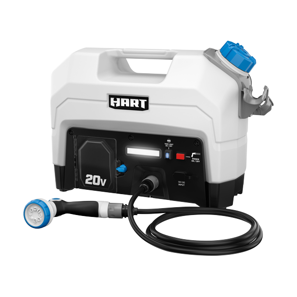 Are you in need to clean something far from the convenience of an electrical hookup? No problem, that’s why we created the HART 20V Portable Rinser. This tool can be powered by a 12V DC car outlet or a HART 20V battery for on-the-go cleaning. It does a great job cleaning hands, washing dishes while camping, washing off beach supplies, washing hands, and more; all without the fear of too powerful of a spray. With 8 different spraying patterns to choose from, it is nice to be able to switch between a gentle shower of suds to a more powerful clean water spray. Our rinser even holds its own water with a built-in 5-gallon water tank for maximum portability. The on-board LED light provides increased visibility when washing at night or in a dark space. And with HART’s 20V Lithium-ion battery, you can expect up to 38 gallons per charge! The fact that it is compact and lightweight makes it easy to handle and easy to store. Includes (1) Rinser, (1) 8’ 12V DC power cord, (1) 20’ hose, (1) a multi-nozzle head, (1) 2.0Ah Lithium-ion battery, (1) charger and operator’s manuals.
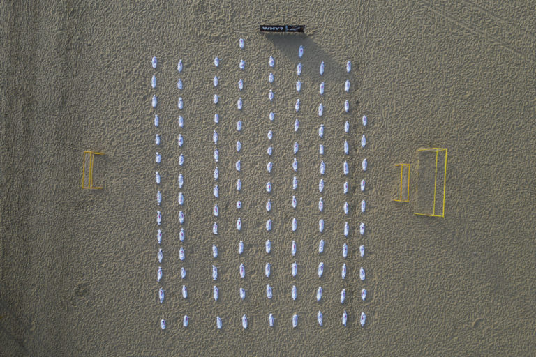Brazílski aktivisti umiestnili makety telíčok mŕtvych palestínskych detí, ktoré prišli o život počas izraelsko-palestínskeho konfliktu. Foto: SITA/AP.
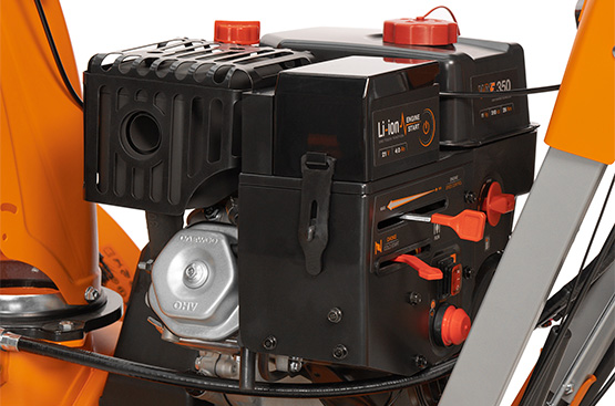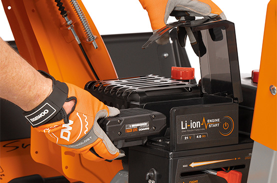 Благодаря установленному Li-ion аккумулятору на 21В, двигатель запускается простым нажатием кнопки на рукоятке управления. Обеспечивает легкий запуск холодного двигателя при любых температурах до -30˚C.
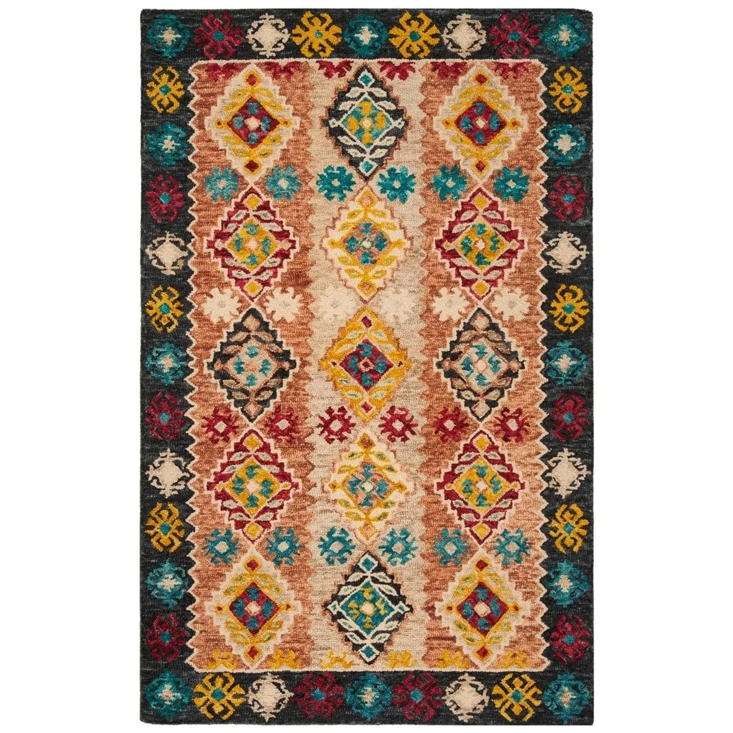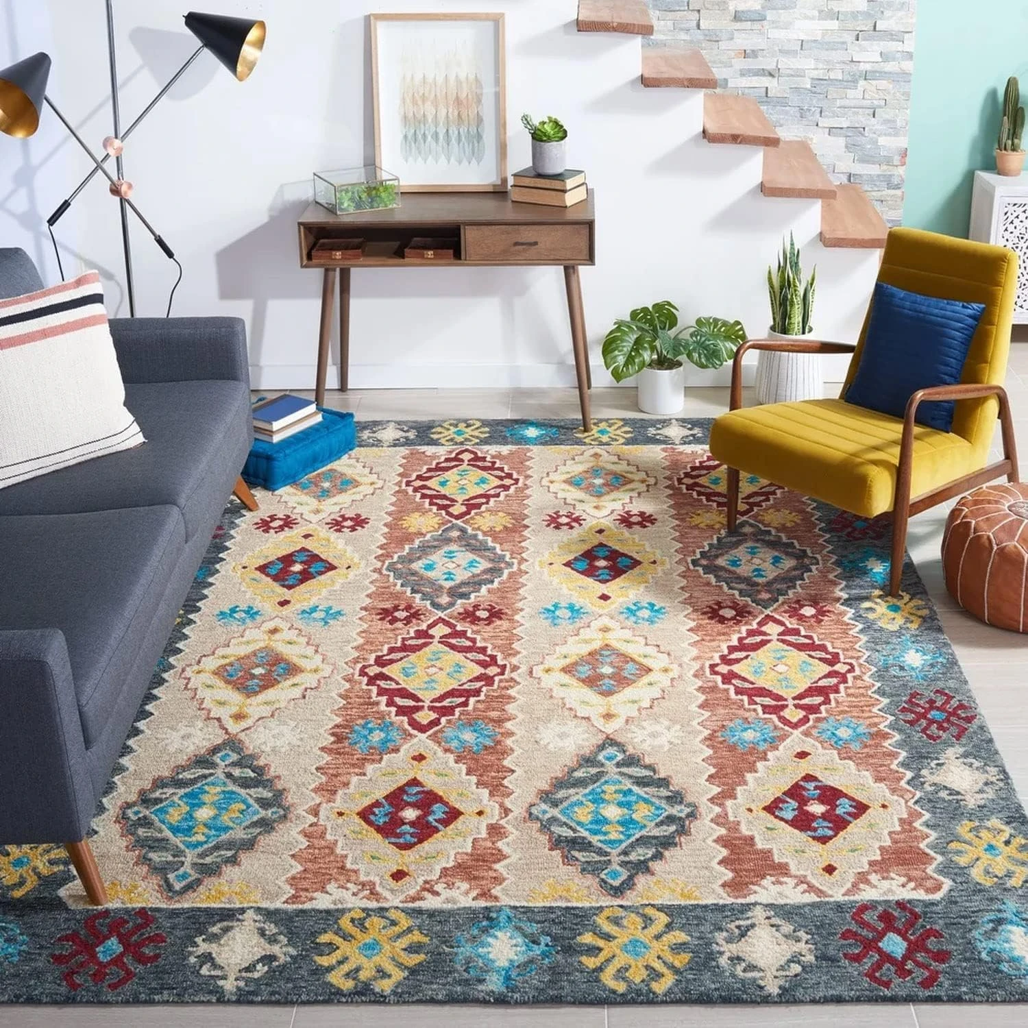 RH Enterprises Handmade Woollen Rug, Loop Pile Textured Yarn, Anti Shed Carpet for Living Room, Bedroom, Drawing Room, Hall and Floor (Multicolor 03, 4' x 6' (Rectangular))
+++
**ABOUT THIS EXERCISE**
Every line of the data is to be transcribed exactly, and no picture is to be included.

**YOUR SOLUTION**
 Are you in need to clean something far from the convenience of an electrical hookup? No problem, that’s why we created the HART 20V Portable Rinser. This tool can be powered by a 12V DC car outlet or a HART 20V battery for on-the-go cleaning. It does a great job cleaning hands, washing dishes while camping, washing off beach supplies, washing hands, and more; all without the fear of too powerful of a spray. With 8 different spraying patterns to choose from, it is nice to be able to switch between a gentle shower of suds to a more powerful clean water spray. Our rinser even holds its own water with a built-in 5-gallon water tank for maximum portability. The on-board LED light provides increased visibility when washing at night or in a dark space. And with HART’s 20V Lithium-ion battery, you can expect up to 38 gallons per charge! The fact that it is compact and lightweight makes it easy to handle and easy to store. Includes (1) Rinser, (1) 8’ 12V DC power cord, (1) 20’ hose, (1) a multi-nozzle head, (1) 2.0Ah Lithium-ion battery, (1) charger and operator’s manuals.
Brazílski aktivisti umiestnili makety telíčok mŕtvych palestínskych detí, ktoré prišli o život počas izraelsko-palestínskeho konfliktu. Foto: SITA/AP.
 Благодаря установленному Li-ion аккумулятору на 21В, двигатель запускается простым нажатием кнопки на рукоятке управления. Обеспечивает легкий запуск холодного двигателя при любых температурах до -30˚C.
 RH Enterprises Handmade Woollen Rug, Loop Pile Textured Yarn, Anti Shed Carpet for Living Room, Bedroom, Drawing Room, Hall and Floor (Multicolor 03, 4' x 6' (Rectangular))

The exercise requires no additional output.